Opsio - Cloud and AI Solutions
AnalyticsMLOps6 min read· 1,236 words

MLflow on Databricks: Experiment Tracking, Model Registry, and Production Deployment

Published: ·Updated: ·Reviewed by Opsio Engineering Team
Vaishnavi Shree

Director & MLOps Lead

Predictive maintenance specialist, industrial data analysis, vibration-based condition monitoring, applied AI for manufacturing and automotive operations

MLflow on Databricks: Experiment Tracking, Model Registry, and Production Deployment

MLflow is the open-source ML lifecycle platform created at Databricks in 2018 and now the de facto standard for experiment tracking, model packaging, and model registry across the industry. On Databricks, MLflow is hosted natively — no setup, no managed-service add-on — and integrated with Unity Catalog, jobs, and Model Serving so that the path from a notebook experiment to a production endpoint is a few hundred lines of code rather than a quarter of platform engineering.

This article walks through the three MLflow components that matter day to day, the operating patterns we use across customer engagements, and the gotchas that show up when teams move beyond a single notebook into team-scale and production-scale ML.

The Three MLflow Components

MLflow on Databricks is four projects in one platform. Three matter for almost every workload:

  1. Tracking — log parameters, metrics, code version, and artifacts for every run. The system of record for experiments.
  2. Models — a packaging format that wraps a trained artifact with its dependencies and signature, so it can be loaded back consistently across runtimes.
  3. Model Registry — versioned, governed catalog of models, with stage transitions and access control. On Databricks, this lives inside Unity Catalog.

The fourth, MLflow Projects, sees less production use; on Databricks, jobs and Workflows fill the same role with better integration.

Tracking: The Minimal Working Example

An MLflow run is started as a context manager.
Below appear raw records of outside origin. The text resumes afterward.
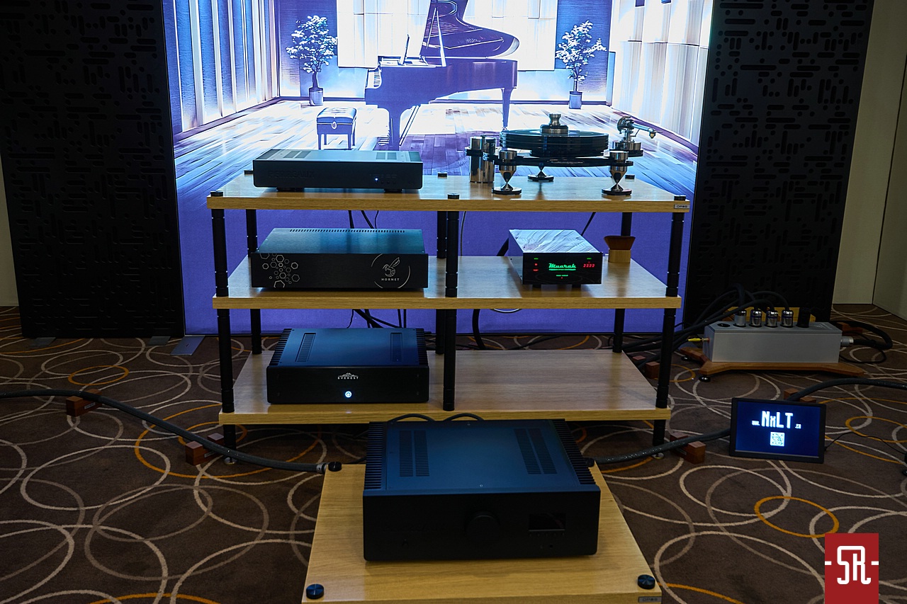 Szczerze? Ten tercet tak naprawdę odwiedziłem z przez wzgląd na jednego delikwenta. Nie żebym z resztą wystawców miał kosę, ale mimo tego, że w większości byli to rodacy, nie miałem na ów pokój żadnego pomysłu. A zaszedłem, przez wzgląd na producenta okablowania NxLT. Jest podobnie do mnie w pozytywnym znaczeniu nie do końca zrównoważony psychicznie. Nadajemy na tych samych falach i gdy zrządzeniem losu kilkukrotnie spotykaliśmy się na korytarzach wystawy, w sobie tylko znany sposób, czyli dokuczając nawzajem ustaliliśmy, że wpadnę na jedną z jego prezentacji. Miał ich bodajże trzy lub cztery – nie pamiętam dokładnie, bo przy tempie naszych konwersacji połowa informacji idzie w tak zwane powietrze. Rozstaliśmy się w śmiechu i za kilka chwil zaliczyłem pierwszą. Usiadłem i pomyślałem, że nie będę go kopać, bo to nie jego wina. Poszedłem na drugą. Cóż, może lepiej, ale nadal brak motywu zabrania głosu. I gdy miałem po angielsku nic nie mówiąc cichaczem wymiksować się z próby znalezienia czegoś ciekawego z jego zabawkami w jednej z ról, nagle kolejny raz staje przede mną. Mówię o porażkach, on niespecjalnie zaprzecza, ale nie daje za wygraną i ciągnie mnie do tytułowego przybytku. Siadamy i już razem słuchamy. Brzmienia kolumn i elektroniki nie znam, za to wiem, co potrafi okablowanie Ether. Po kilku minutach słyszę, że to, za co ludzie lubią jego druty, jest nieco przerysowane – o co chodzi, znajdziecie w moim teście tej serii okablowania. Szukam winowajcy i kurde widzę, że gramofon tylko się kręci, a gramy z plików. Poprosiłem Roberta o zmianę źródła – sam bym tego nie robił, bo wiedząc, że wystawcy chcą robić nimi tylko dobre wrażenie, a nie z nich grać, już mi się znudziło o to prosić – i eureka. Może nie był to nokaut, ale pojawiła się energia, atak i gładkość. A najważniejsze, że przestała krzyczeć wyższa średnica. Na ile było to maksimum możliwości tej sprzętowej zbieraniny, wiedzą tylko wystawcy. Dla mnie natomiast w tym momencie ważna była możliwość przyjemnego posłuchania tej konfiguracji w wersji analogowej. Wersji, której bez działania bohatera akapitu nawet w momencie odwiedzenia przeze mnie do tego pokoju prawdopodobnie by nie było i cały pokaz spaliłby na panewce. Tymczasem finalnie było ok. Na koniec dodam, iż dodatkową wartością dodaną tej wizyty oprócz tematu do opisania było umówienie się z producentem kolumn na sesję testową. W kwestii gramofonu zaś, na obecny moment panuje między nami pieczołowicie kultywowana od wielu lat stabilna cisza.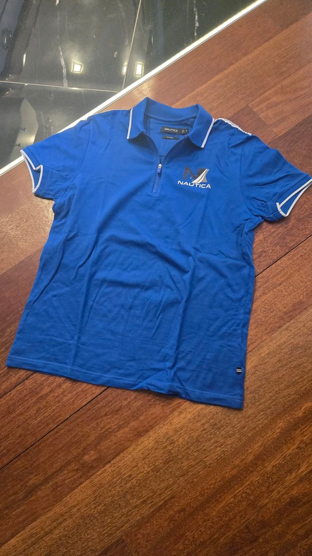 Nautica markalı, kısa kollu ve yakalı, fermuarlı ön detaylı, parlak mavi renkli, baskılı logolu, dar kesim erkek polo tişörttür.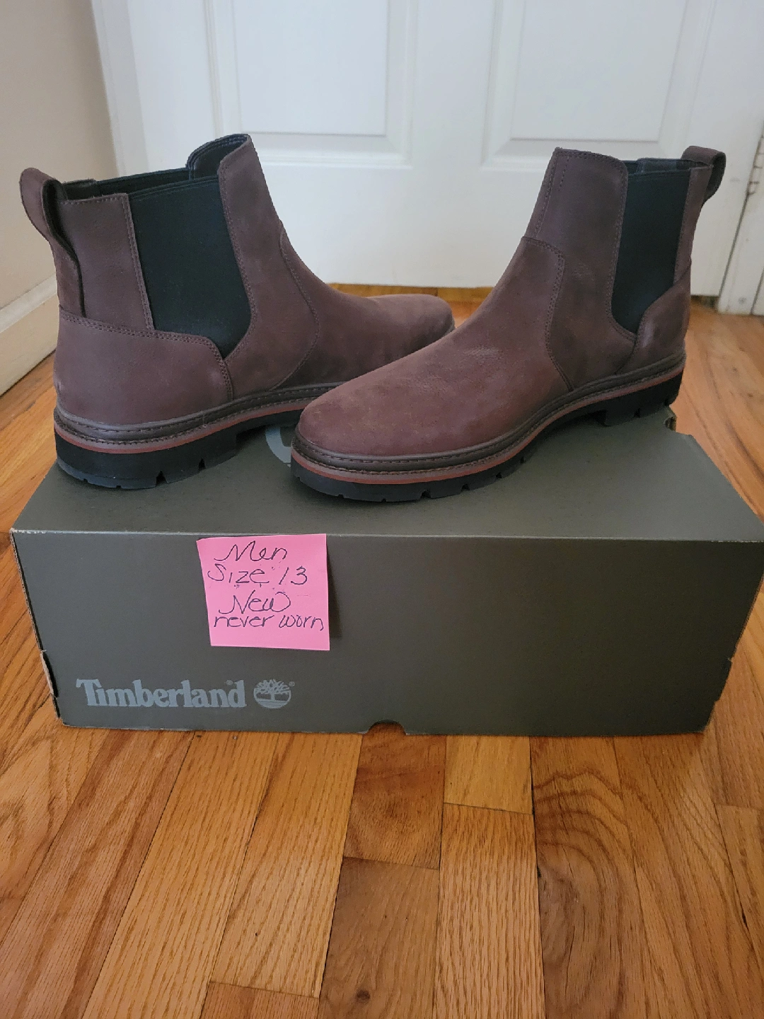 Selling a pair of brand new Timberland Chelsea boots in men's size 13! They have never been worn and come with the original box

Everything logged inside the context belongs to that run.

import mlflow
import mlflow.sklearn
from sklearn.ensemble import GradientBoostingClassifier
from sklearn.metrics import roc_auc_score

mlflow.set_experiment("/Users/jane@acme.com/fraud-detection")

with mlflow.start_run(run_name="gb-baseline") as run:
    params = {"n_estimators": 200, "max_depth": 4, "learning_rate": 0.05}
    mlflow.log_params(params)

    clf = GradientBoostingClassifier(**params)
    clf.fit(X_train, y_train)

    auc = roc_auc_score(y_val, clf.predict_proba(X_val)[:, 1])
    mlflow.log_metric("val_auc", auc)
    mlflow.log_metric("train_size", len(X_train))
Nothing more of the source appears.